04-20-2016, 06:28 AM	#20
GenoMax Senior Member Location: East Coast USA Join Date: Feb 2008 Posts: 7,087	Ribodepletion has worked well (only 0.4% reads align to rRNA). Fragments that go into a library have a size distribution and generally it is possible to infer the size of the fragment based on the alignments to a reference. The warning indicates that in some cases the reads were found to be not at the expected distance from each other. This is to be expected since you are looking at a repeat region and the annotation is not perfect. You have said you (or the person who did the experiment, if you are only analyzing the data) are interested in rRNA biology yet the samples are rRNA depleted.
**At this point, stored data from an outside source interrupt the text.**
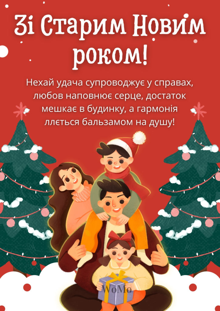Вітаю зі Старим Новим роком. Нехай старий рік забере всі хвороби, печалі і негаразди, а новий нехай подарує удачу, здоров’я, благополуччя і щастя. Нехай в домі завжди буде весело і затишно, а на душі — спокійно і світло.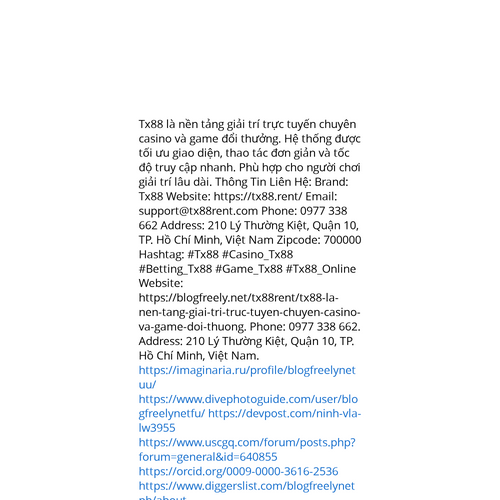Website: https://blogfreely.net/tx88rent/tx88-la-nen-tang-giai-tri-truc-tuyen-chuyen-casino-va-game-doi-thuong. Tx88 là nền tảng giải trí trực tuyến chuyên casino và game đổi thưởng. Hệ thống được tối ưu giao diện, thao tác đơn giản và tốc độ truy cậ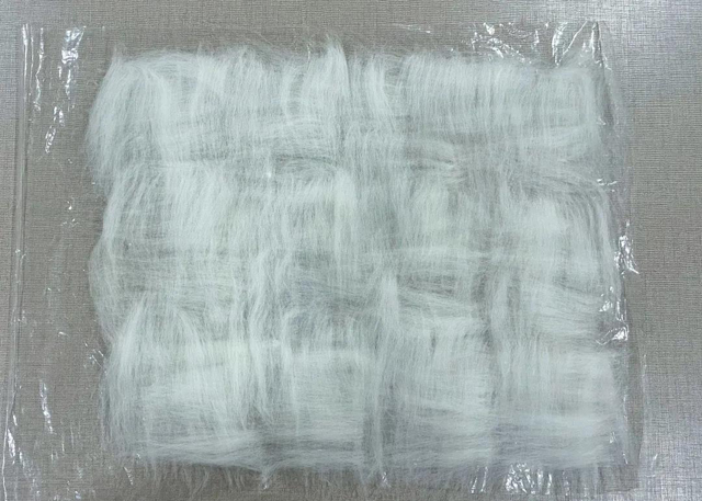 將6等分分好的羊毛取一份撕出薄片,豎向排列整齊;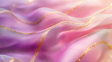 Close-up of flowing pink sheer fabric adorned with shimmering gold glitter accents, creating a luxurious and delicate texture.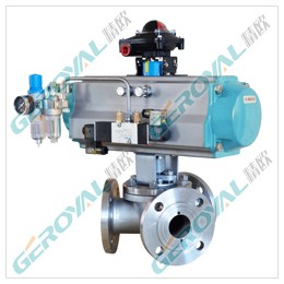 采用新型气动执行器,有双作用式和单作用式(弹簧复位),齿轮齿条传动,安全可靠;大口径阀门采用系列AW型气动执行器拔叉式传动,结构合理,输出力大,有双作用式和单作用式。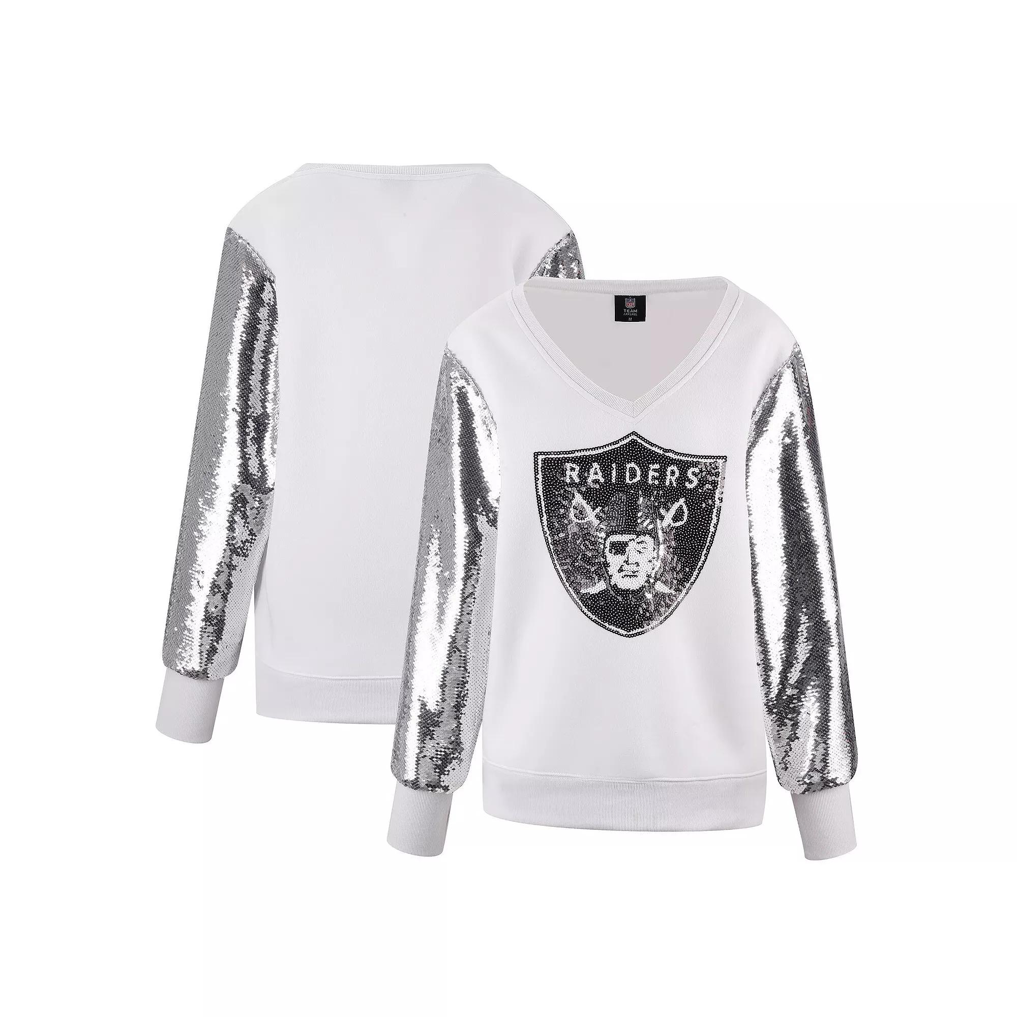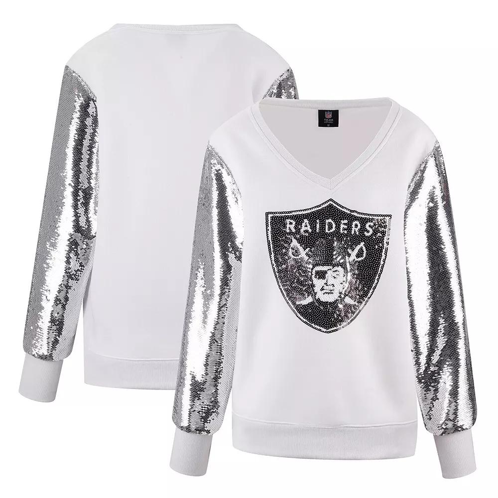 Sparkle and shine while supporting your Las Vegas Raiders with this Cuce Sequin Sleeve V-Neck Pullover Sweatshirt. This dazzling sweatshirt features sparkling sequin sleeves and a large sequin team logo at the center front, adding a touch of glam to your game day attire. A brushed fleece lining and rib-knit accents at the collar, hem, and sleeve cuffs provide ultimate comfort for cheering on the Raiders.Sparkle and shine while supporting your Las Vegas Raiders with this Cuce Sequin Sleeve V-Neck Pullover Sweatshirt. This dazzling sweatshirt features sparkling sequin sleeves and a large sequin team logo at the center front, adding a touch of glam to your game day attire. A brushed fleece lining and rib-knit accents at the collar, hem, and sleeve cuffs provide ultimate comfort for cheering on the Raiders.PRODUCT FEATURESMaterial: 100% PolyesterV-neckOfficially licensedBrand: CuceSequin sleevesPulloverHand wash, line dryImportedRib-knit collar, hem and sleeve cuffs for a snug and comfortable fitBrushed fleece liningLightweight sweatshirt suitable for mild temperaturesLong sleeveLarge sequin team logo at center front Size: 2X. Color: Lvr White. Gender: female. Age Group: adult.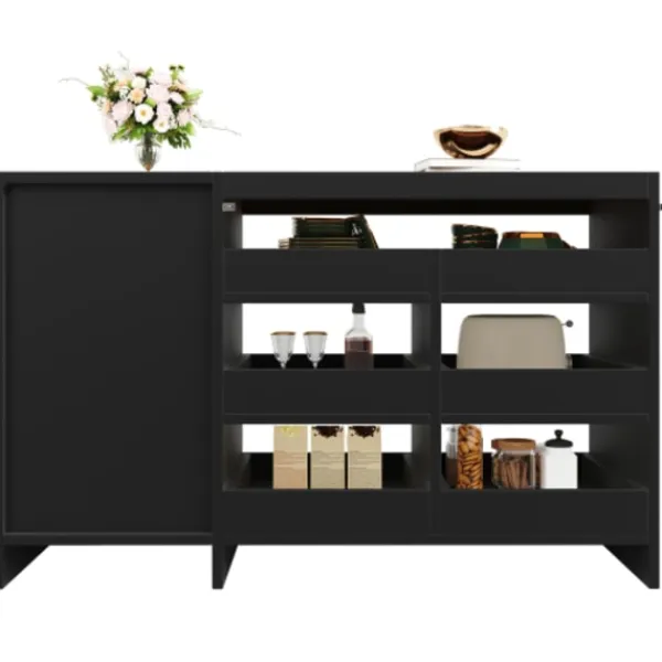 Multifunktionellt förvaringsrum: Utrustad med sex lådor som erbjuder gott om förvaringsutrymme. Hela förvaringsrummet är generöst tilltaget. Oavsett om du har stora köksmaskiner eller små flaskor och glas, hittar du en lämplig plats för att rymma dem. Detta tar hänsyn till familjens olika förvaringsbehov och undviker rörig stapling av föremål.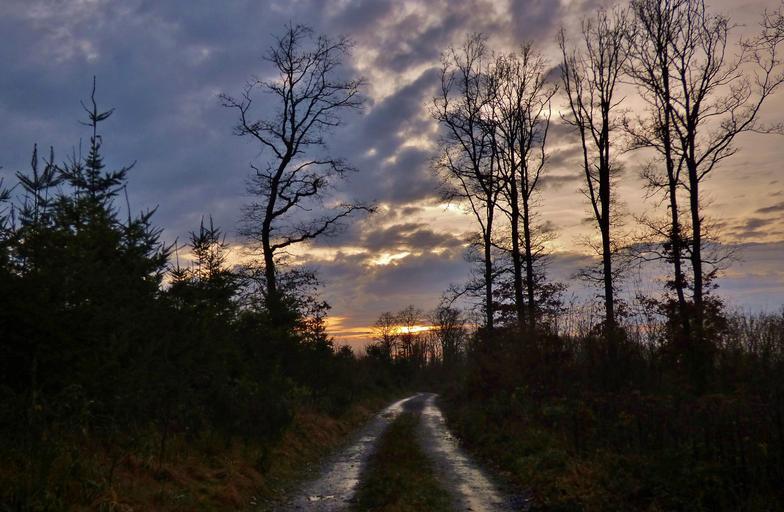 Keywords: forest path nature trees sunset december luxembourg landscape evening
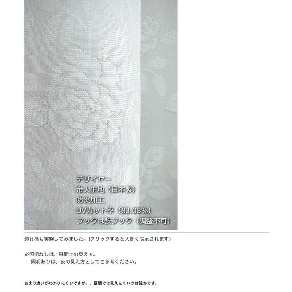 特徴:帝人生地、防炎加工、UVカット率83.03%、鉄フック(調整不可)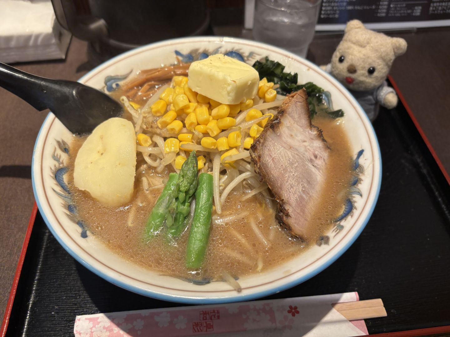 「バター」「コーン」「じゃがいも」「アスパラ」「チャーシュー」と、札幌近郊の名物が勢ぞろい。まさに全乗せ、フルスペック仕様の豪華ラーメンなのだ。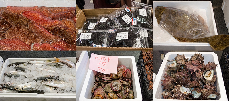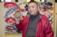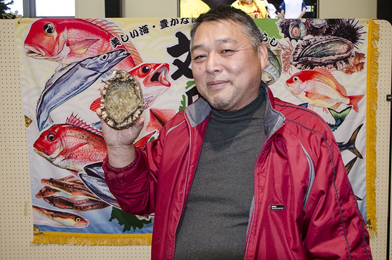 サザエはまだ禁漁期間の場所が多く、水揚げが少ないため1キロ1500円と高めの値段でしたが、ひおうぎ貝は1枚70円とお得。私は焼いてバターと醤油で食べるのが好きです。写真を撮ってると出店している水産会社の社長さんがやってきました。以前からの知り合いなので、「商品持ってアピールしてください」とリクエストすると恥ずかしがりながら、アワビを手に写ってくれました。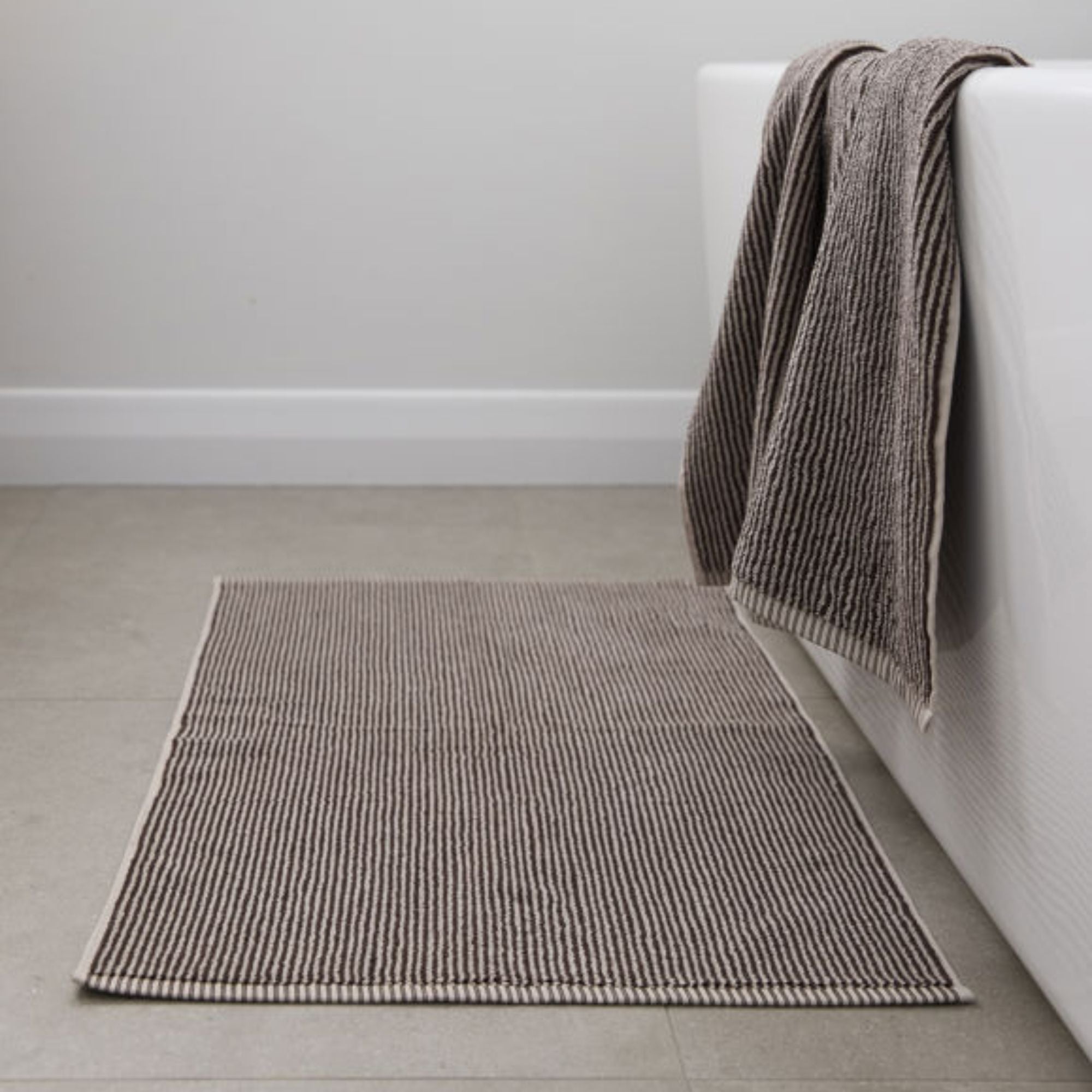 This cocoa/ bone striped cotton bath mat will look lovely in your bathroom, especially if you have the matching hand towel and face cloth! Made from 100% cotton. 55cm x 85cm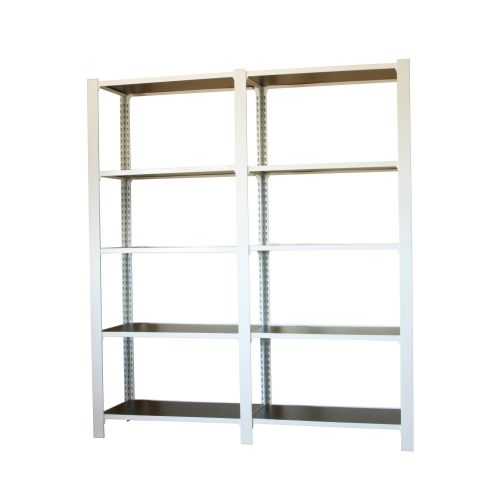 Pack estanterias metalicas sin tornillos con 5 estantes de bandeja de madera.Estanteria que se monta de forma facil y comoda gracias a su sistema de click, sin tornillos, simplemente con la ayuda de un martillo podras tener esta estanteria montada en aproximadamente 12 minutos. Es un producto fabricado en España.Tienes a tu disposicion un video detallado de montaje en Youtube. La capacidad de carga de cada uno de los estantes es de 200 kgs. Cada estanteria del pack tiene un fondo de 30 cm. Contiene un recubrimiento plastico y acabado en epoxypoliester, que aumenta su resistencia a la humedad y a la corrosion. Ademas es muy facil de limpiar. Manipulacion del producto sin aristas de corte, sin riesgos de manipulacion.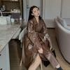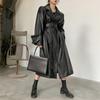 Длинный кожаный плащ большого размера для женщин, свободный крой с длинными рукавами и лацканами, осенняя стильная черная одежда, уличная одежда

So those two observations are contradictory. Aside from this we don't have any information about what this experiment was for (e.g. were you only interested in finding expression levels of genes but not differential expression or are there groups of samples that need to be analyzed for differential expression) so only you have an idea as to what is to be done next.